Good Luck! I hope this helps!
Step-by-step explanation:
1) Find the range of the data.
133, 117, 152, 127, 168, 146, 174.
First, put the numbers in ascending order:
117, 127, 133, 146, 152, 168, 174
To find the range, subtract the smallest number from the largest number.
174 - 117 = 57
So, the range is 57.
2) Find the range of the data.
26, 21, 27, 33, 24, 29
First, put the numbers in ascending order.
21, 24, 26, 27, 29, 33
To find the range, subtract the smallest number from the largest number.
33 - 21 = 12
So, the range is 12.
3) Find the median, first quartie, third quartile, and interquartile range of the data. 84, 75, 90, 87, 99, 91, 85, 88, 76, 92, 94
First, put the numbers in ascending order.
75, 76, 84, 85, 87, 88, 90, 91, 92, 94, 99
The median is the value in the middle, so in this case, it is 88.
To find the first quartie, third quartile, and interquartile, we must split the numbers into quarters.
75 76 84 85 87 88 90 91 92 94 99
The first quartile is 84.
The third quartile 92.
The interquartile is the first quartile subtracted from the third quartile, so
92 - 84 = 8.
4) Use grid paper to find the median of the data. Then find the median of the lower half and the median of the upper half of the data.
82, 62, 95, 81, 89, 51, 72, 56, 97, 98, 79, 85
First, put the numbers in ascending order.
51, 56, 62, 72, 79, 81, 82, 85, 89, 95, 97, 98
Find the median which is the middle of the values.

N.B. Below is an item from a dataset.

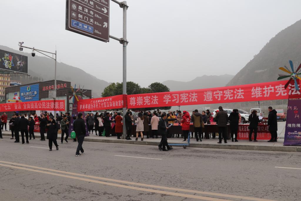 活动现场,区公安分局、区法制办、区人社局等45个单位组成宣传队伍,通过设立宣传点、发放宣传资料、摆设普法展板、开展法律咨询、悬挂宣传标语等多种形式,突出宣传宪法、习近平全面依法治国新理念新思想新战略、中国特色法律体系、本单位职能所涉及和维护社会稳定相关的法律法规,耐心讲解群众关心的民生方面法律知识,提升广大群众对所需求的法律知识的了解知晓程度,得到在场群众的一致好评。同时,朝天电视台和城区户外LED显示屏滚动播放宪法宣传内容,营造了良好的宣传氛围。

51 56 62 72 79 81 82 85 89 95 97 98
In this case, it is between 81 and 82, so we find 81+82 / 2 = 81.5.
The median is 81.5.
The median of the lower half of the data is the value in the middle of the first 6 of the 12 numbers. 51 56 62 72 79 81
We need to find 62+72 / 2 = 134 /2 = 67, so the median of the lower half of the data is 67.
The median of the upper half of the data is the value in the middle of the last 6 of the 12 numbers. 82 85 89 95 97 98
We need to find 89+95 / 2 = 184 / 2 = 92, so the median of the upper half of the data is 92.

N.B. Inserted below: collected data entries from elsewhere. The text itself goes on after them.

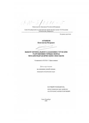 Выбор оптимального давления струй при разрушении горных пород механогидравлическим способом
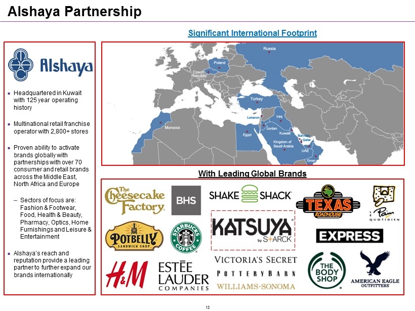 Alshaya Partnership With Leading Global Brands Headquartered in Kuwait with 125 year operating history Multinational retail franchise operator with 2,800+ stores Proven ability to activate brands globally with partnerships with over 70 consumer and retail brands across the Middle East, North Africa and Europe ─ Sectors of focus are: Fashion & Footwear, Food, Health & Beauty, Pharmacy, Optics, Home Furnishings and Leisure & Entertainment Alshaya’s reach and reputation provide a leading partner to further expand our brands internationally Significant International Footprint 13
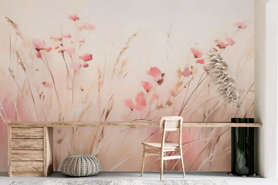 Fototapet Iarbă și buruieni cu frunze și tulpini subțiri, culori roz deschis, tușe moi și delicate, print minimalist

Describe the spread of the data.
The data are ___________ . (We cannot see the drop-down options, so cannot answer this part of the question. Sorry.)
5) The table shows the number of points scored by players on a basketball team. 21 53 74 82 84 93 103 108 116 122 193
a. Find the range and interquartile range of the data.
To find the range, subtract the smallest number from the largest number.
193 - 21 = 172
The range is 172 points.
To find the interquartile range, we must split the numbers into quarters.
21 53 74 82 84 93 103 108 116 122 193
The first quartile is 74.
The third quartile 116.
The interquartile is the first quartile subtracted from the third quartile, so
116 - 74 = 42.
The interquartile range is 42 points.
b. Use the interquartile range to identify the outlier(s) in the data set.
Find the range and the interquartile range of the data set without the outlier(s).
21 53 74 82 84 93 103 108 116 122 193
Per Wikipedia, "In statistics, an outlier is a data point that differs significantly from other observations."
Per statology.org, "One popular method is to declare an observation to be an outlier if it has a value 1.5 times greater than the interquartile (IQR) or 1.5 times less than the IQR."
From statology. org:
(Note: Q1 = first quartile, Q3 = third quartile, IQR = interquartile)
The lower limit is calculated as:
Lower limit = Q1 – 1.5 * IQR = 74 – 1.5 * 42 = 74 - 63 = 9.
The lower limit of outliers is 9 points.
And the upper limited is calculated as:
Upper limit = Q3 + 1.5 * IQR = 116 + 1.5 * 42 = 116 + 63 = 179.
The upper limit of outliers is 179 points.
The outlier is 193 points.
To find the range without the outlier, subtract the smallest number from the largest number.
21 53 74 82 84 93 103 108 116 122
122 - 21 = 101 points
The range without the outlier is 101 points.
To find the interquartile range wthout the outlier, we must split the numbers into quarters.
21 53 74 82 84 93 103 108 116 122
The first quartile is 53+74 / 2 = 127 / 2 = 63.5.
The third quartile 108+116 / 2 = 224 / 2 = 112.
The interquartile is the first quartile subtracted from the third quartile, so
112 - 63.5 = 48.5.
The interquartile range without the outlier is 48.5 points.
c. Which measure did the outlier affect more?
The outlier affected __________ more. (We cannot see the drop-down options, so cannot answer this part of the question. Sorry.)